Oleoylethanolamide (OEA) is an endogenous N-acylethanolamines (NAE) released from the small intestine in response to ingested fat and functions as an anorexic lipid mediator that promotes satiety (1719). It exerts anti-inflammatory (20), anti-oxidative (21), and athroprotective effects (22) by enhancing PPARα signaling (23) and modulating lipid profiles (22, 24). HFD dose-dependently reduces the intestinal synthesis of NAE while peripheral but not central administration of OEA persistently reduces food intake in rodents (18, 25). Critically, exogenous administration of OEA rescues the HFD-induced blunted DA response to intralipid infusion in the gut and reverses the blunted preference for low-fat emulsions (11, 26). Consistently, OEA has been demonstrated to aid in weight loss in HFD-induced obesity in rodents (25, 27).

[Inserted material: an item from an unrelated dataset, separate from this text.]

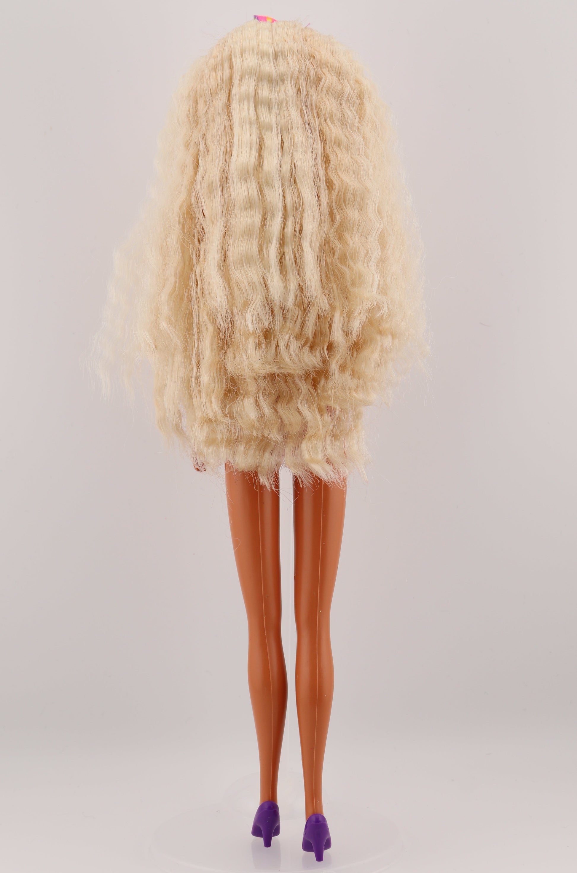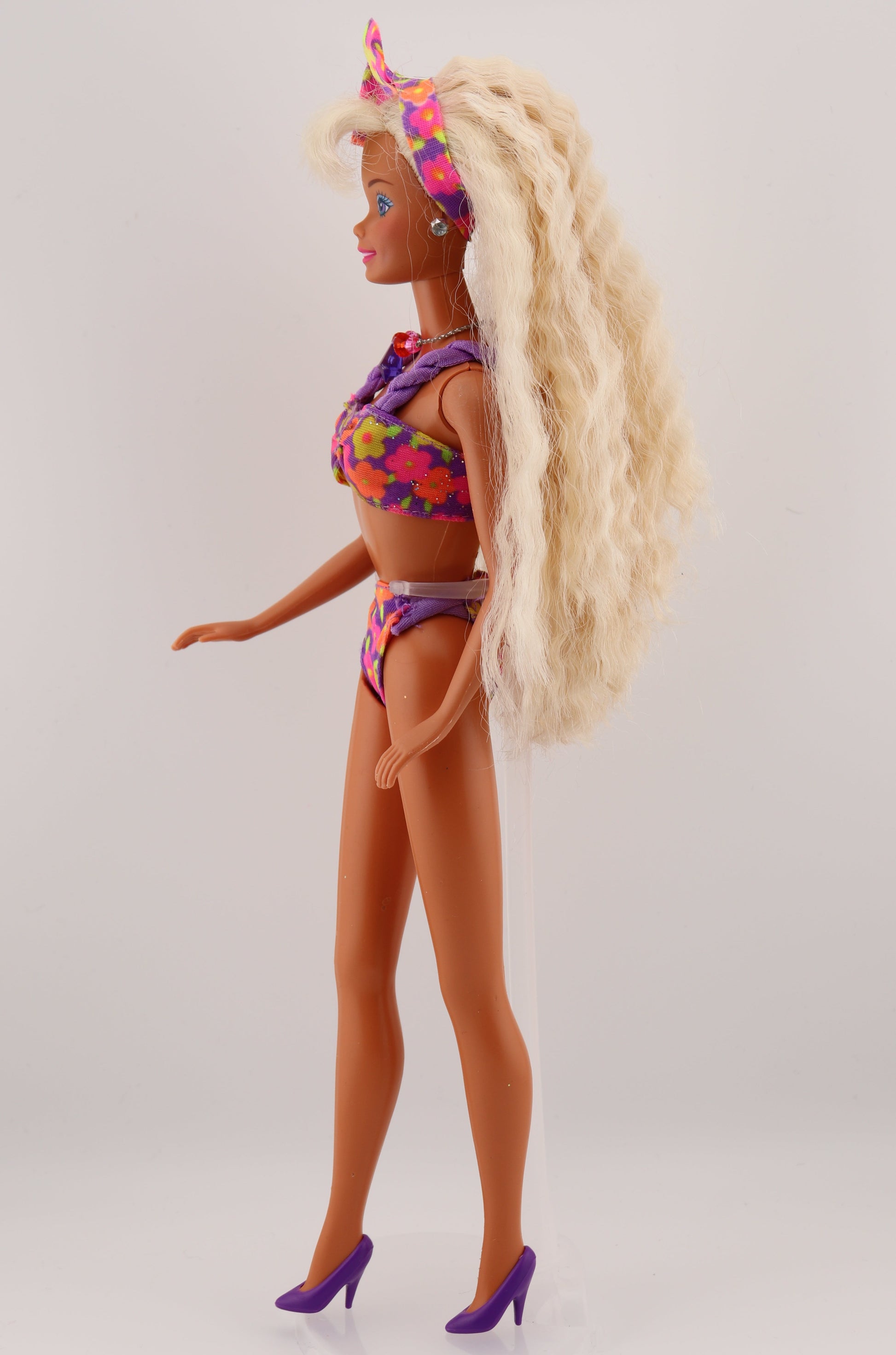 It's Glitter Beach Barbie. Straight out of 1992, my birth year, barbie is sporting a lavender and purple glitter bikini. The bikini is adorned with neon yellow and fuchsia flowers and glitter! She loves to beach with all of her gal pals. Hair is freshly crimped so she's ready to hit the beach.
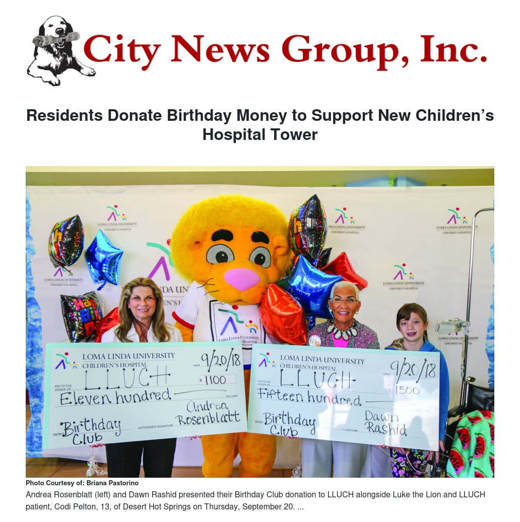 Residents Donate Birthday Money to Support New Children’s Hospital Tower by Briana Pastorino - City News Group, Inc.

However, in humans, studies that do not take diet into account report more modest effects. For example, supplementation improves compliance to energy restricted diets but does not result in greater weight loss when baseline diet is not considered (28, 29). This raises the possibility that OEA might be selectively effective in individuals who regularly consume a HFD diet.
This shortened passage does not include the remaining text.